Now we apply Rouché’s theorem. Then (2) tells us that $$x^d - l^{d-2} x +l$$ has precisely one root $$\alpha _d$$ inside the unit circle, and (3) tells us that all roots $$\alpha _1,\ldots ,\alpha _d$$ of $$x^d - l^{d-2} x +l$$ have absolute value $$<\vert l \vert$$.

Before we proceed with calculating the orbit size of one of these roots, we need to show that $$x^d - l^{d-2} x +l$$ is irreducible. This is obviously the case if $$\vert l\vert$$ is a prime number. So in particular, we can assume that $$\vert l \vert \ge 4$$. Using this assumption and $$d\ge 4$$, the same calculation as in (2) proves that there is precisely one root of $$x^d - l^{d-2} x +l$$ of absolute value $$\le \sqrt{\vert l \vert }$$ (necessarily $$\alpha _d$$).

It follows that no product of two or more of the elements $$\alpha _1,\ldots ,\alpha _{d-1}$$ can be a divisor of l. Hence, the only possibility for $$x^d - l^{d-2} x +l$$ to be reducible is, if it has a root $$a\in {\mathbb {Z}}$$. This a must be a divisor of $$\vert l\vert$$ and it must satisfy $$a^d = l^{d-2}a-l$$. Hence, $$a^{d-1} \mid l$$ which implies $$\vert a \vert ^{d-1} \le \vert l\vert$$. This is not possible, as we have just seen that $$\vert a\vert \ge \sqrt{\vert l\vert }$$. It follows that $$x^d - l^{d-2} x +l$$ is indeed irreducible, and $$\alpha _1$$ is an algebraic integer of degree d, and norm l.

We then have:

• $$M^{(1)}(\alpha _1) = \alpha _1\cdots \alpha _{d-1} =l/\vert \alpha _d \vert \notin {\mathbb {Z}}$$, and

• $$M^{(2)}(\alpha _1)=M(\pm \frac{l}{\alpha _d})=\pm \prod _{i=1}^d \frac{l}{\alpha _i} \in {\mathbb {Z}}$$.

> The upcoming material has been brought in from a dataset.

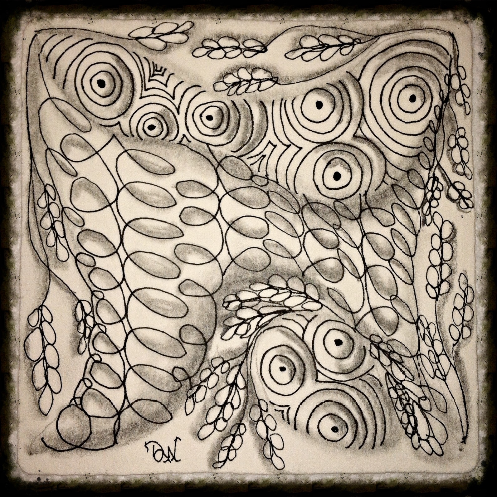 Another great tile! They say “in the eyes of the beholder” … this appears to me as a sandy beach, with sea creature eyes, peering through the seaweed : ) … With that said … I love it and your work! Can’t wait for your own Zentangle creation!!!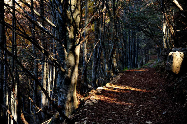 Verso destra seguire una stradina militare selciata restaurata per scollinare e scendere verso sinistra riprendendo una stradina sterrata.

Hence $$\alpha _1$$ has orbit size 3.

### Proposition 1

Let $$d \ge 3$$ be an integer and let $$\alpha _1,\ldots ,\alpha _d$$ be a full set of Galois conjugates of an algebraic integer $$\alpha$$. Assume the following conditions:

1. (i)

$$\vert \alpha _1 \vert> \vert \alpha _2 \vert \ge \cdots \ge \vert \alpha _{d-1} \vert> 1 > \vert \alpha _d \vert$$, and

2. (ii)

$$\vert \alpha _i \vert \le \vert N(\alpha ) \vert$$ for all $$i\in \{2,\ldots ,d\}$$.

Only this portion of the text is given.